Just over here contemplating how it takes years to unravel generations of social conditioning that has us believing we have to play certain roles that we actually don’t and that as soon as we’re old enough to know what a tampon is they tell us we need to be a gushing river sparkling and twinkling in the sunlight of wider society’s divine waterfall potential with all the zeal and vigor of a torrent but if we don’t want to be a magnificent and subservient tributary of the source, enthusiastic in our bondage, and instead we want to become our own current, perhaps even small and soft and trickling like a leaky tap still finding its flow and not emptying itself hurriedly into the barren basin of its deferential existence then we’re going to have to be comfortable with being misunderstood and often disliked but I’m aaaaalso contemplating whether I should start with a dirty martini tonight or just stick with gin and tonics.
I act so free and knowing and brave. But I’m not. I’m scared shitless. Of the demons of my past. Of paths I forged because of them. Of roads I didn’t take. Of parts of me that shut down to keep out the pain. Of how they all might converge at some shadowy bend on the horizon of my future and run me off the road as the regret monsters on a deserted life highway lurch out of the darkness and gobble me up.
I’m no surer of anything now than when I was a speck of hydrogen dust on the universe’s windshield. Or maybe that’s when I knew the most. Maybe we all did. Maybe the curse of being born is forgetting all the secrets we knew before because the earthly baggage gets piled on top of us for so long that we can’t remember how light we were when we first came in. The fear sets in because we’re sitting at the bottom of a goddamned cargo hold when we’re meant to be gazing out the window.
I find myself constantly wanting to dig past the shit, hoping to get to the end of the compartment, where l’ll hit something solid. I’ll knock on it like a door. I’m not just searching for what feels sturdy, but looking for the me that’s hidden somewhere inside that overloaded vehicle. The me that started as that speck of awareness barnacled to the windshield watching the whole of the galaxy hurtle past. The me that truly is free and knowing and brave.
I’ve been writing my second novel while I try and get representation for the first one. This time feels different. I’m on the same road, still trying to light a path in the dark, but now I know I’ll get to the end of it because I’ve done it before. If finishing a book the first time was like driving at midnight in a hailstorm with broken headlights, this time is like driving at midnight in a hailstorm with at least one janky headlight flickering. It’s still messy, but it’s also just enough to know you’re gonna get there.

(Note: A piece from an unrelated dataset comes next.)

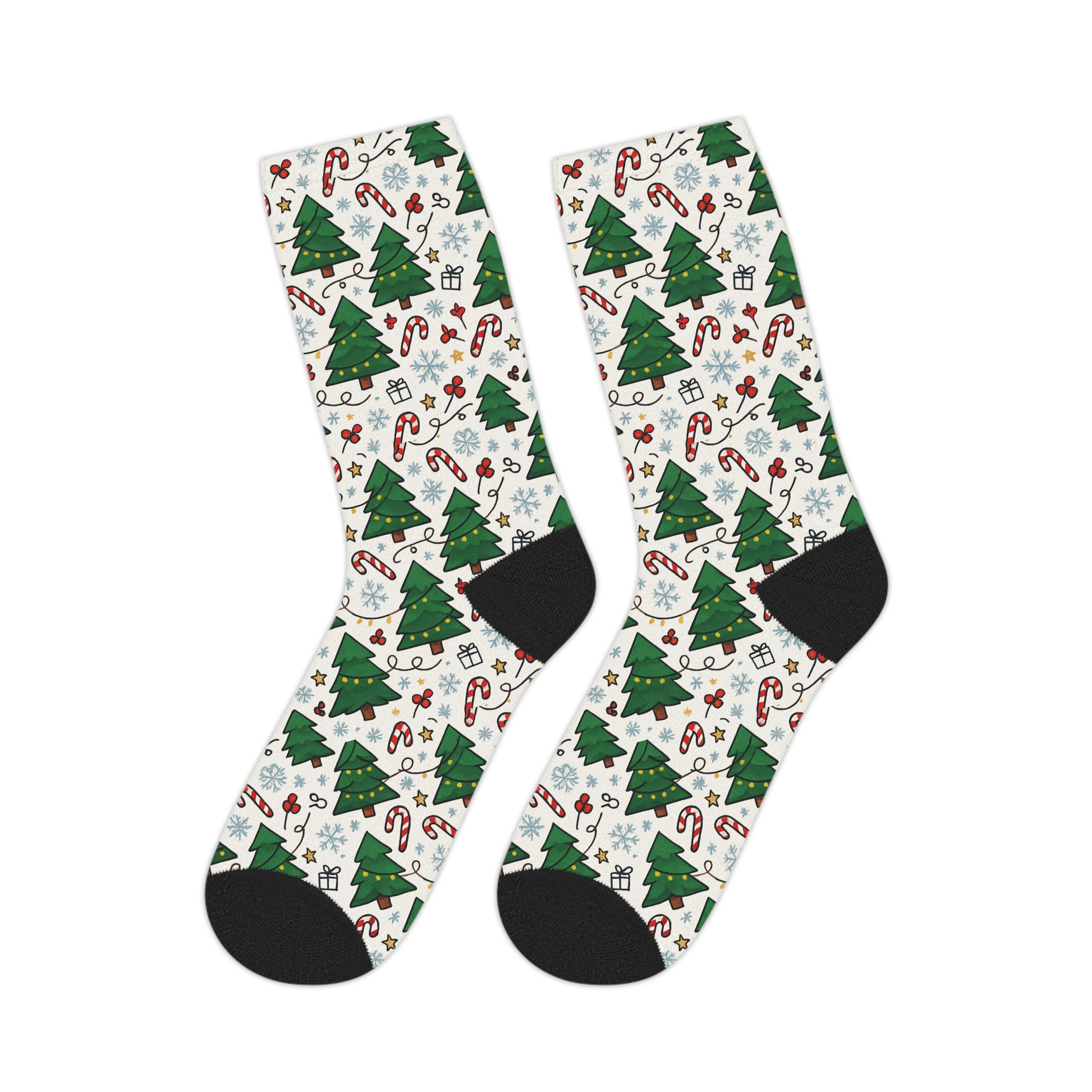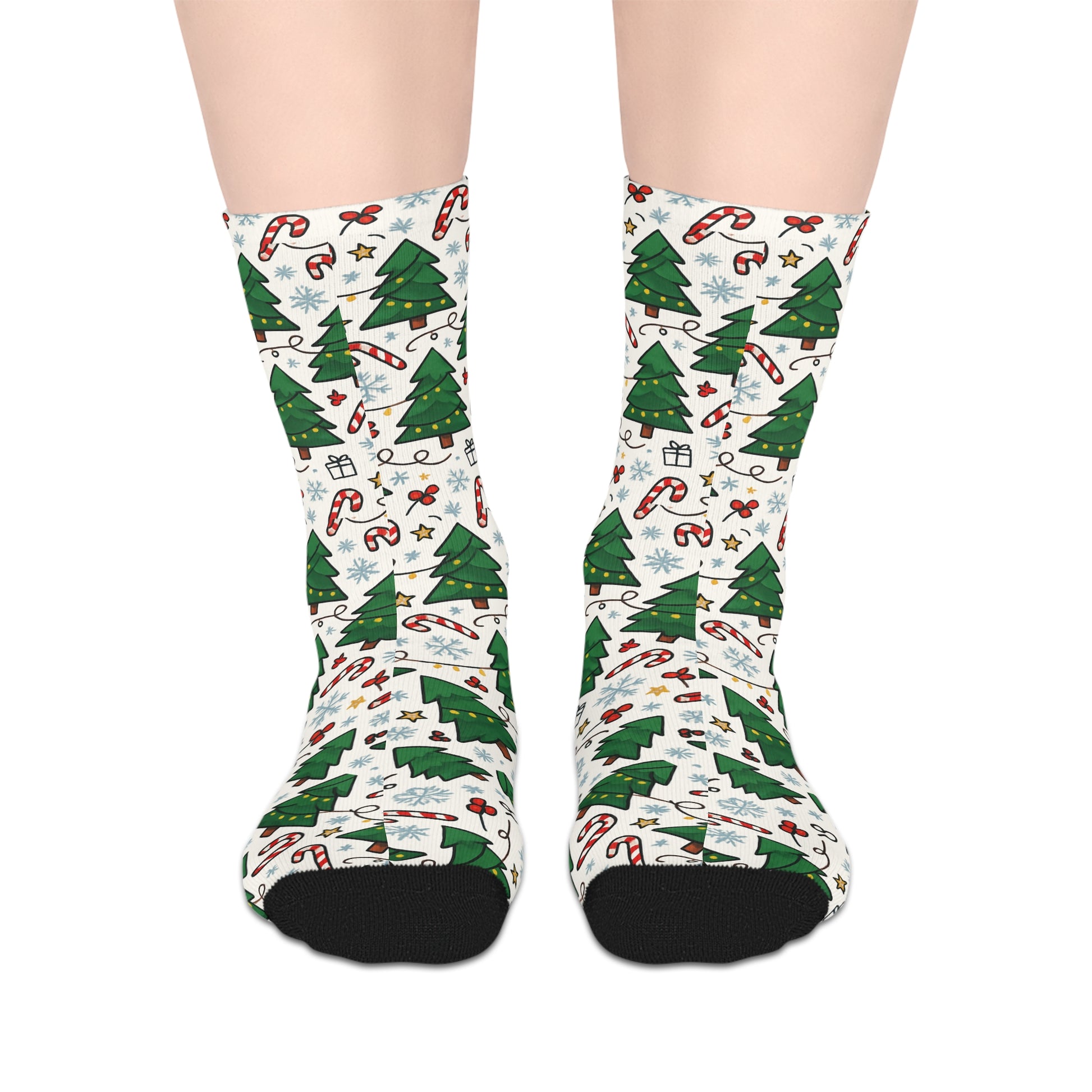 These mid-length socks bring cozy holiday cheer to everyday wear. Soft, lightweight polyester holds a lively all-over print of evergreen trees, candy canes, tiny presents, and snowflakes on a clean white background. The crew-style length sits comfortably mid-calf, with contrasting black heels and toes for a playful, finished look. Wear them around the house while wrapping gifts, under boots on a winter market stroll, or peeking out from leggings during a casual holiday party. The pattern is cheerful without being loud — like a quiet snowfall sprinkled with festive bits — and they hold their shape and dry quickly so they stay ready for the season.

This second time around has also taught me trust. In the storymaking process. In the profound importance of what I’ll call the “adhesive” phase; when you exist in an excessively heightened state of awareness and openness and presence. In this phase, word counts might still be uncomfortably modest, and no idea feels holdable or articulable or maintainable yet. It can be frustrating because you’re essentially just operating as the human version of a sticky trap, catching every curiosity or fascination as it buzzes by and letting it bind to you like a freshly splattered gnat on a sweaty summer night in the subtropics.
Nothing is to be wasted, nothing is to be thrown out at this stage, because though it may seem like you’re now just some flat piece of useless glue with a bunch of random insects ensnared in you, the truth is that somewhere in that buggy graveyard is the story you will tell. The adhesive that is holding together all of the as yet unrelated parts—through some strange inconceivable alchemy—becomes conductive, inducing a current of word electricity within you. The lesson is knowing that the story you’re meant to tell will likely start as an almost imperceptible gnat stuck in the glue of your psyche. But you’ve gotta get sticky first.